Good doesn't make that distinction; everybody deserves protecting, even if they break the law once in a while to make it happen.
But yes, in a broad sense, you are correct, they have a lot of shades of the Technocracy. Kill the wonder, make it safe.
"The moral high ground" is not my favorite thing on a MUSH. Everyone claims to have it anyway, except for maybe the "we revel in evil" people whom not many people will play.
I slept on this, and I have a question.
What if I wanted to create a faction called, say, "the legitimate government of the United States." It's lead by President Michael Wilson and is a better place to put characters like Solid Snake and Sam Fisher and Charlie Nash and all the spies and solider characters, of which there are many, who work not for lawful neo-fascists but for a legitimate government of the United States.
I can do this, right? Even if it means pulling Michael Thorton out of a faction you put him in, because that's what you're here to facilitate.
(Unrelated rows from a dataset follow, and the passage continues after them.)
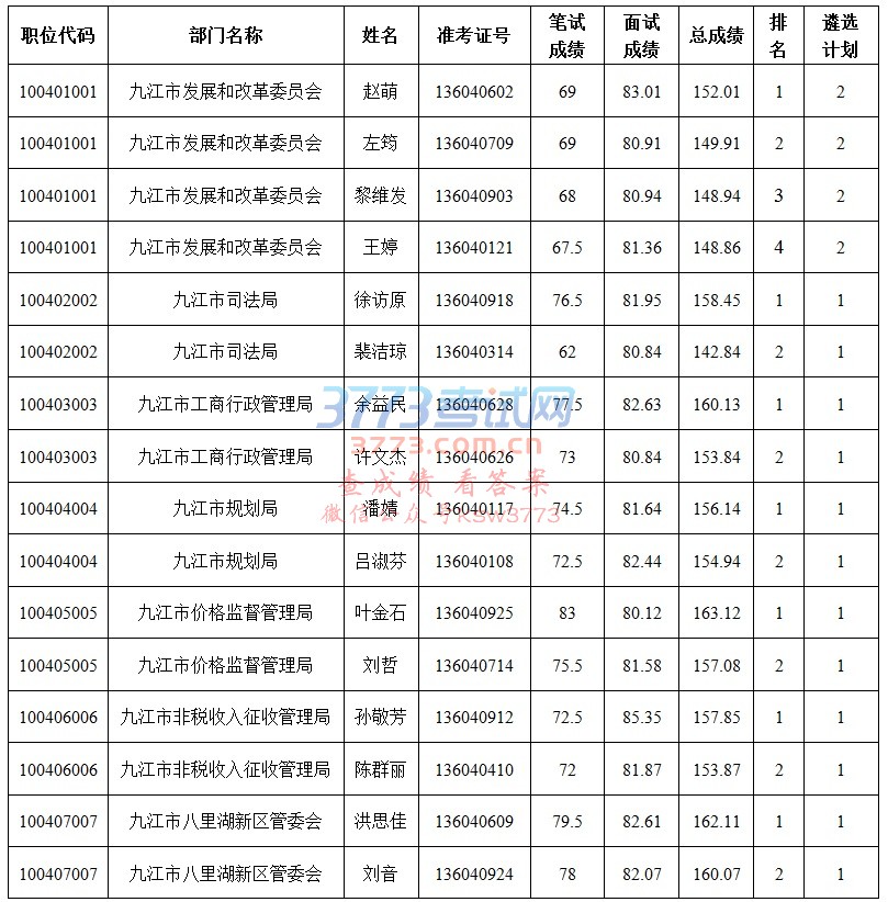 根据《九江市2018年上半年市直行政单位公开遴选公务员公告》要求,经网上报名、笔试、资格审查、面试等程序,按照考察对象与遴选职位计划数差额确定考察人选16名(考察比例为1:2)。现将考察人选予以公告。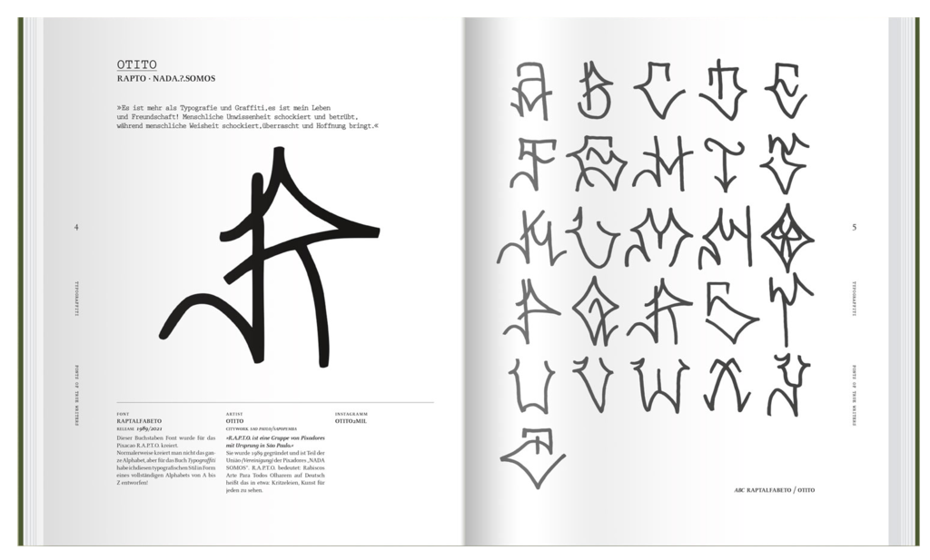 The book presents all the writers and their typefaces in detail, and includes accompanying statements as well as photographs of the fonts in use on the wall. Thus, the publication is intended as an inspiration for sprayers, type designers, graphic artists and art enthusiasts.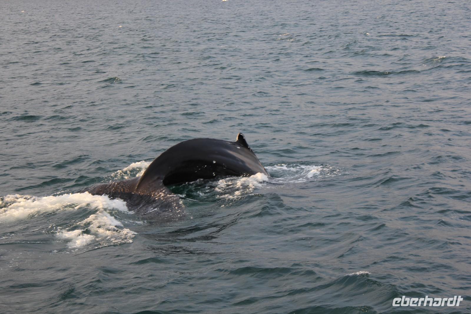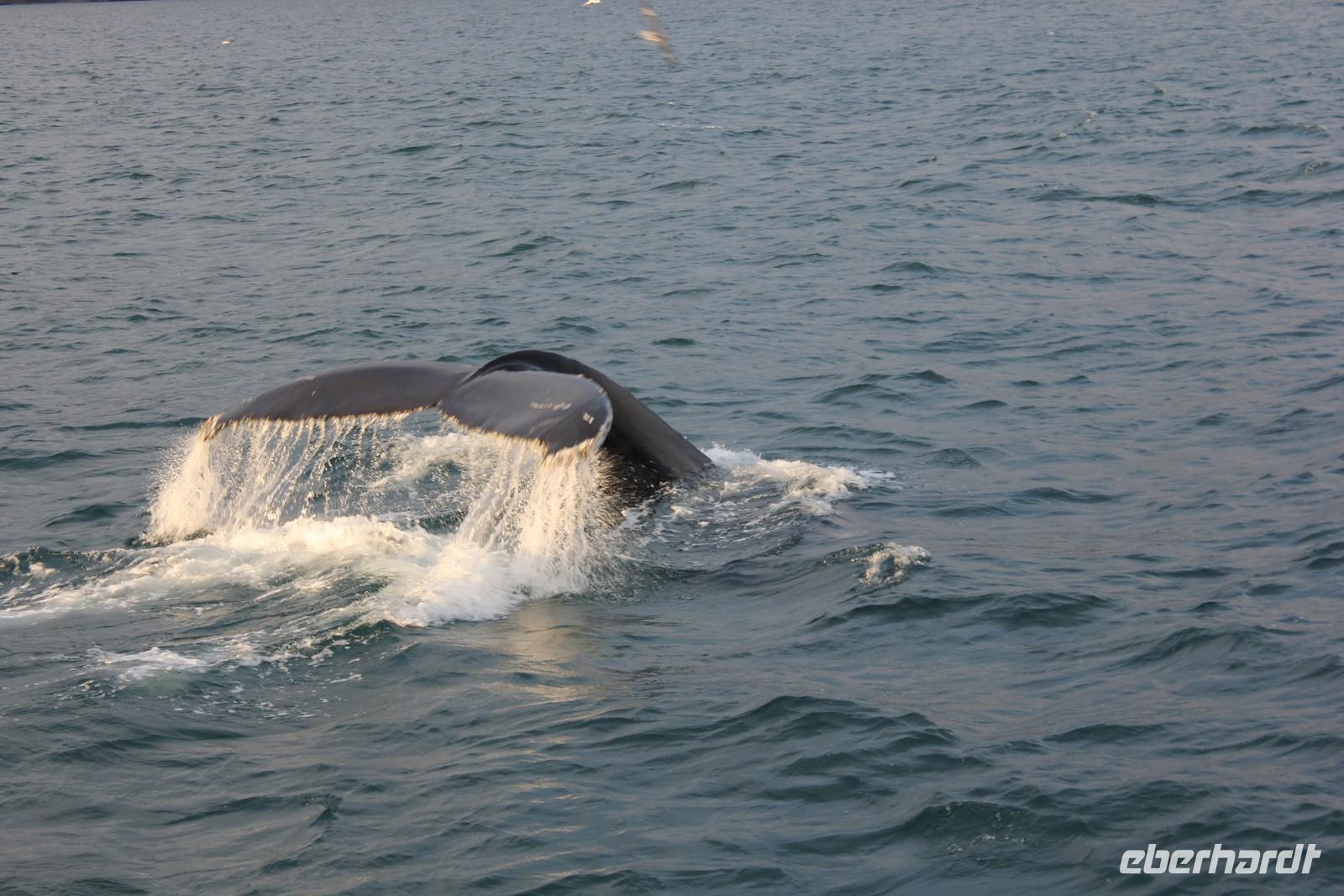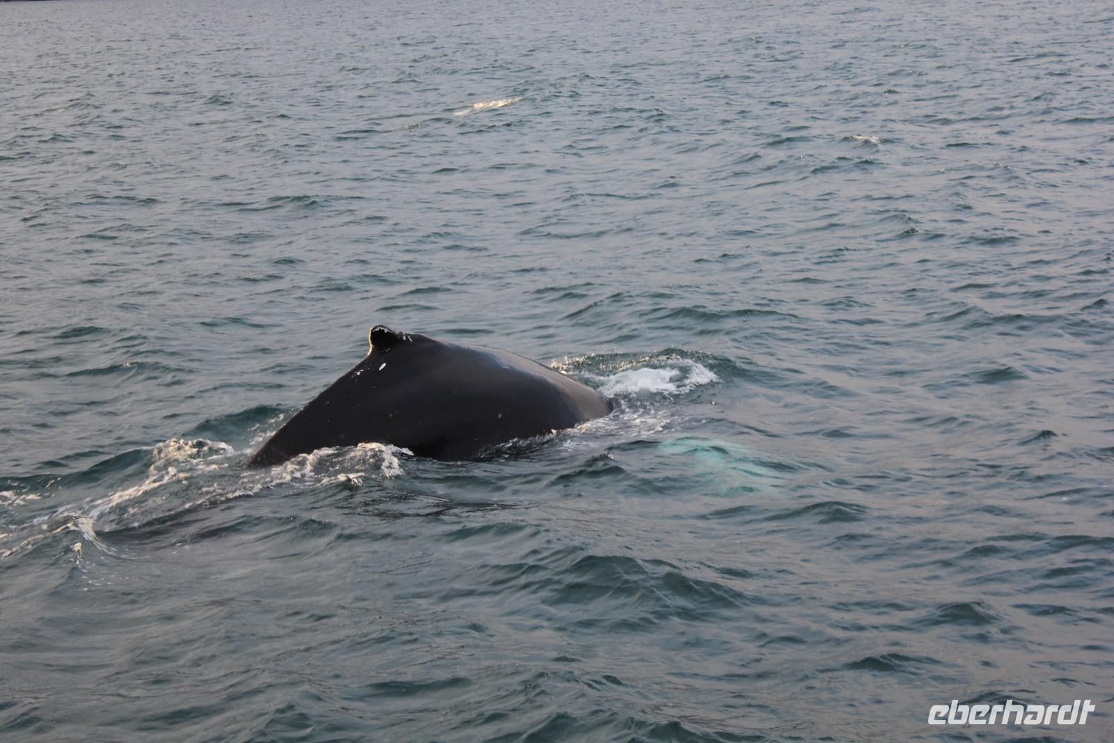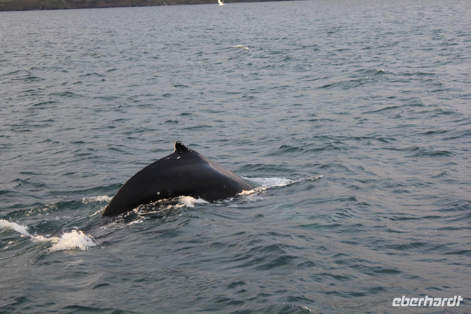 Das Buffet ist reichhaltig und köstlich. Es gibt verschiedenen Fisch, Salate, Lamm, Gemüse und Reis sowie ein reichhaltiges Dessertangebot. Einige von uns genießen anschließend einen Spaziergang durch den wunderbaren Botanischen Garten neben dem Hotel. Andere nutzen nach dem Abendessen die Gelegenheit an einer - aufgrund der Nachfrage - spontan organisierten Walbeobachtungstour in Dalvík teilzunehmen. Wir werden mit 2 Kleinbussen abgeholt und in den 35 Minuten entfernt gelegenen Fischerort gebracht. Dort steigen wir auf ein Boot um und es dauert nicht lange bis wir die wundervollen Tiere sehen und diese uns mit ihren „Kunststücken“ und „Flossentänzen“ erfreuen. Wir wärmen uns mit heißem Kakao und Keksen, genießen die wundervolle Landschaft vom Boot aus und lassen die gewonnenen Eindrücke während der Rückfahrt zum Hotel auf uns wirken bevor wir glücklich und zufrieden ins Bett fallen.

How many of these guys do I have to have app with me to make this happen? Can we put non-apped people in the faction as a result of "because they make more sense there"? Nobody wants to app the President, though, is that okay?
I would, probably, say no to that, ultimately because "the law" is already represented. Saying, "I want to make a better faction for these people" is not really the point of the player-based faction system, because remember that these people are not neo-fascists who do terrible evil things, they are a government that is attempting to bring order to a very very lawless world.
However, it is also entirely possible I'd say yes. But you wouldn't magically get to remove people from the faction setup. If Michael Thorton, Solid Snake, and Michael Wilson all had players, and they all agreed to make this faction for whatever reason, and you managed to sell it to the staff - and I stress that I really dislike overlapping factions so you would need to give me a *point* behind this faction besides 'because we think your faction setup is dumb' - then yes, they would get to leave their faction.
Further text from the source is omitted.